# Available records
________________________
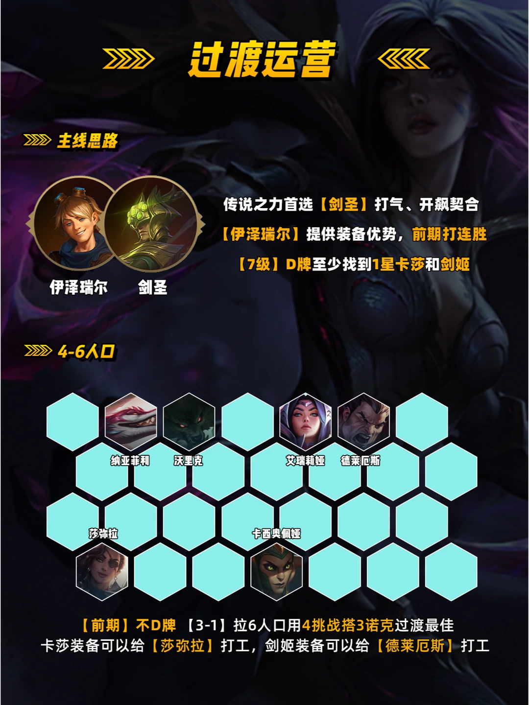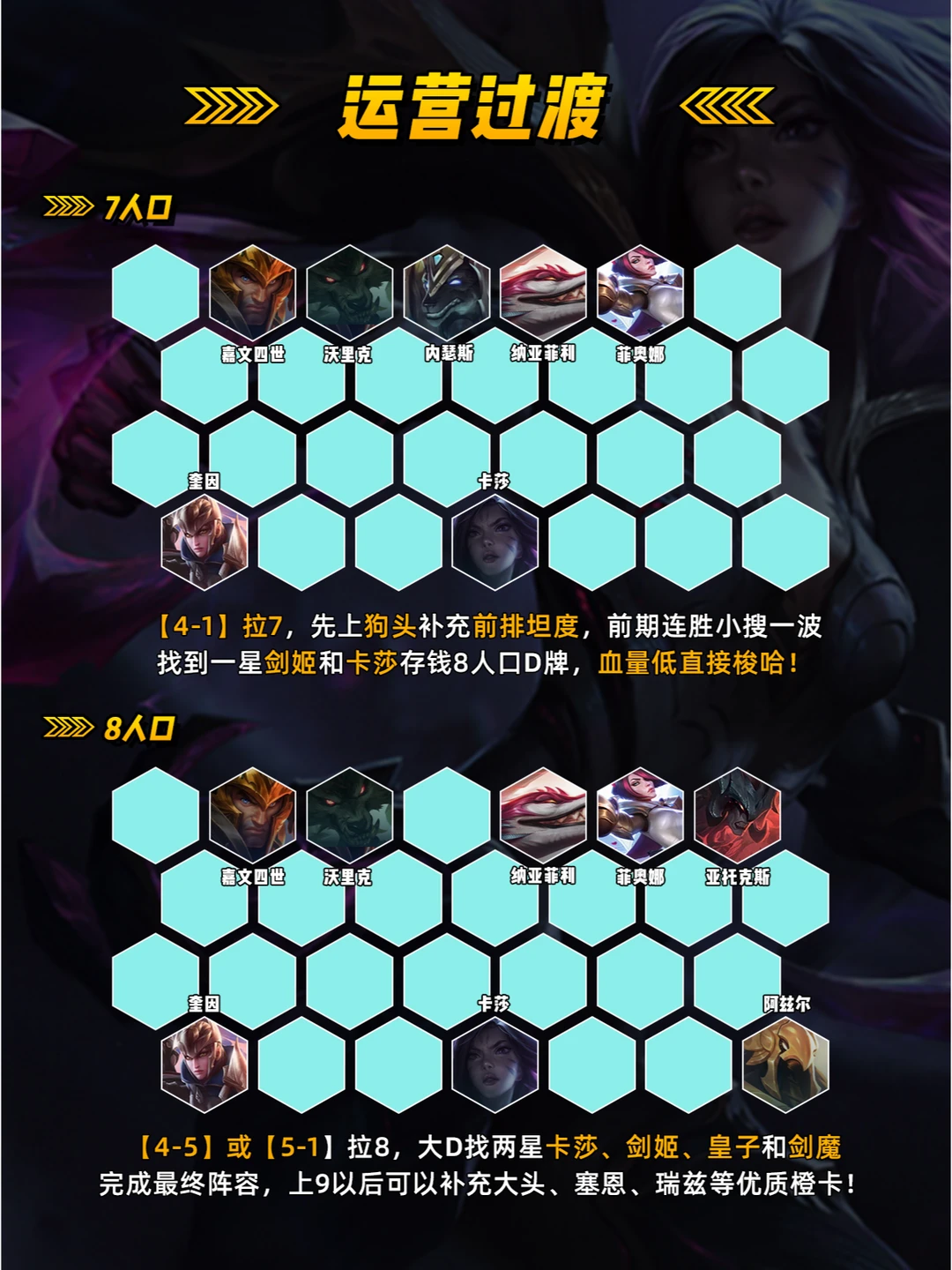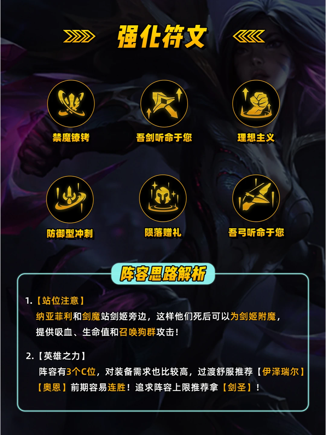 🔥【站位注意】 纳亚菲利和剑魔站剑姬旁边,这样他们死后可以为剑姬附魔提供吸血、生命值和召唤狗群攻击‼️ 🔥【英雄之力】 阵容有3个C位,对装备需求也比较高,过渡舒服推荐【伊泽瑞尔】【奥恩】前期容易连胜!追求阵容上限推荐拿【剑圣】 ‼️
________________________
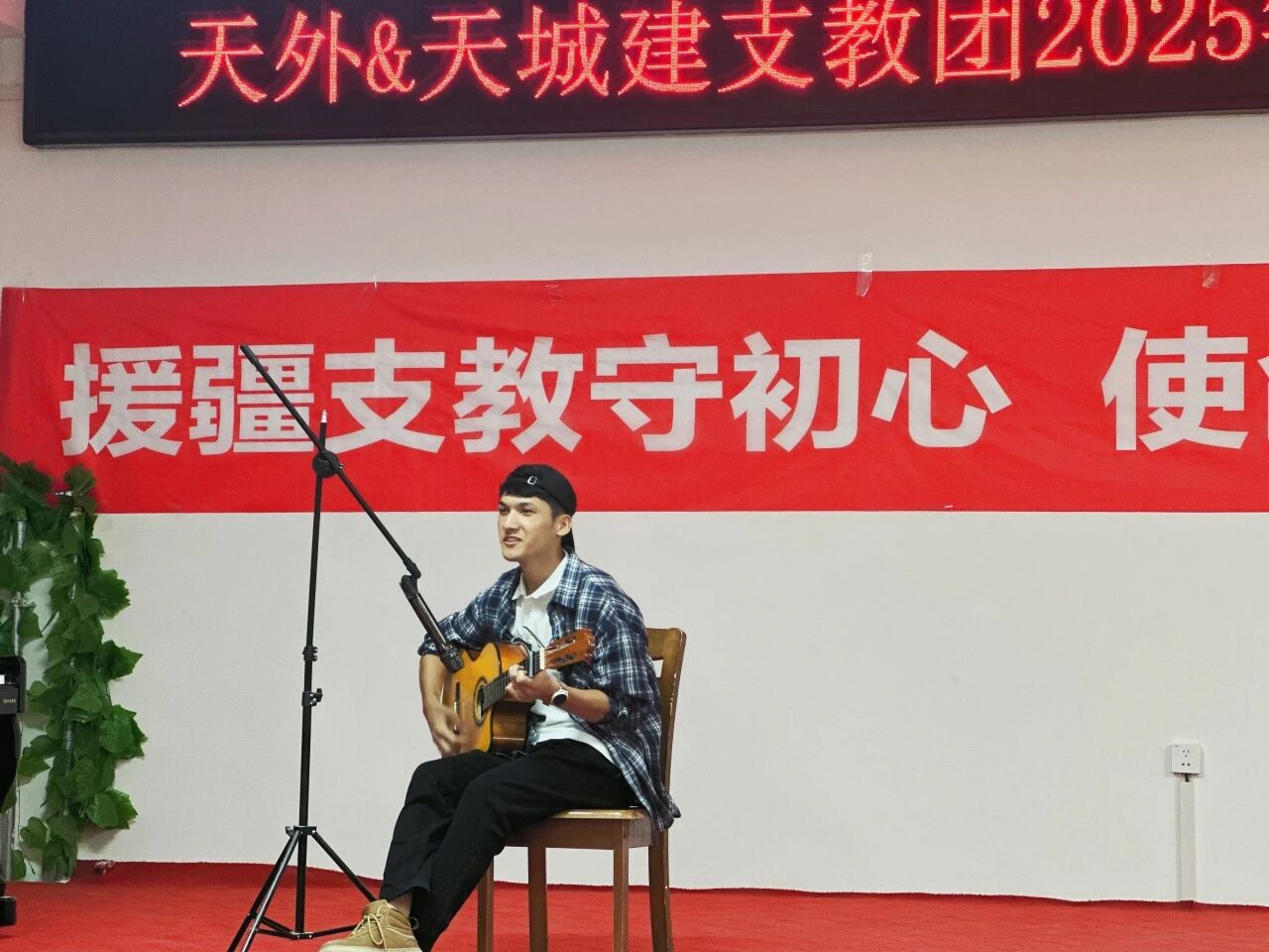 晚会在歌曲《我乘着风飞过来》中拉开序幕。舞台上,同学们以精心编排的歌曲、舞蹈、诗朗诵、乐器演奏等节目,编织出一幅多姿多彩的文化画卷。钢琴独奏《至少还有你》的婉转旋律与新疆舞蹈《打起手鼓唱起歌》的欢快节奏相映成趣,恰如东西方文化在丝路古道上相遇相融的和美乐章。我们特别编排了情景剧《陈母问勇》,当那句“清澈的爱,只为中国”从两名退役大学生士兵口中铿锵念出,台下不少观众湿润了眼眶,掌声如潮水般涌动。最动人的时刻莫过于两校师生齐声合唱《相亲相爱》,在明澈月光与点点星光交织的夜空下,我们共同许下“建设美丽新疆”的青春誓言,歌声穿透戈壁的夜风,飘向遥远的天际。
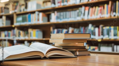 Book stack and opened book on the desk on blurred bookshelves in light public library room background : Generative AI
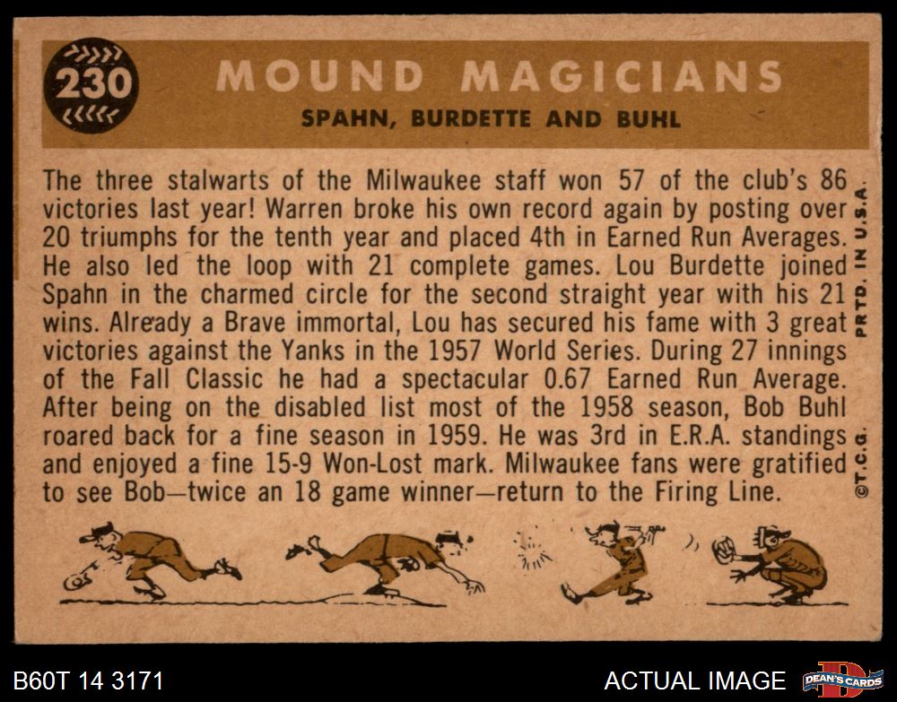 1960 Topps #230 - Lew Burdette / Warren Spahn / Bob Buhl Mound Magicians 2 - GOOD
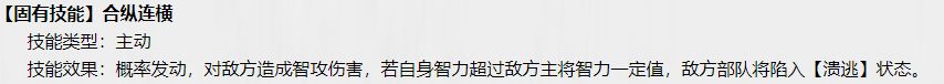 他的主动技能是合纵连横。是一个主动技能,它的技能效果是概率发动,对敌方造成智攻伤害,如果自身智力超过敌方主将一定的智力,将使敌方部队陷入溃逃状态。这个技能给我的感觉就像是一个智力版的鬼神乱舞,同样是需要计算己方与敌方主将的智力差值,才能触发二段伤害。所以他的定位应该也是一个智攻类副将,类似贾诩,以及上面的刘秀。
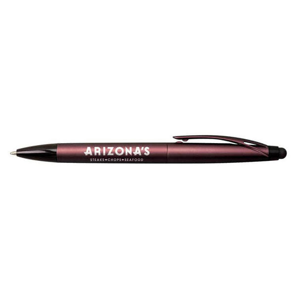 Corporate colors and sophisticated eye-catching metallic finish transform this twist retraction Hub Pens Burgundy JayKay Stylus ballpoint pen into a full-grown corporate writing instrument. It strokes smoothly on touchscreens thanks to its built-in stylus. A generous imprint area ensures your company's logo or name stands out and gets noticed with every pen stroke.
________________________
Reproduce, exactly and only, the lines of the records above starting at the line with "他的主动技能是合纵连横。是一" and ending at the line with "Corporate colors and", both included. Leave every picture out.

 他的主动技能是合纵连横。是一个主动技能,它的技能效果是概率发动,对敌方造成智攻伤害,如果自身智力超过敌方主将一定的智力,将使敌方部队陷入溃逃状态。这个技能给我的感觉就像是一个智力版的鬼神乱舞,同样是需要计算己方与敌方主将的智力差值,才能触发二段伤害。所以他的定位应该也是一个智攻类副将,类似贾诩,以及上面的刘秀。
 Corporate colors and sophisticated eye-catching metallic finish transform this twist retraction Hub Pens Burgundy JayKay Stylus ballpoint pen into a full-grown corporate writing instrument. It strokes smoothly on touchscreens thanks to its built-in stylus. A generous imprint area ensures your company's logo or name stands out and gets noticed with every pen stroke.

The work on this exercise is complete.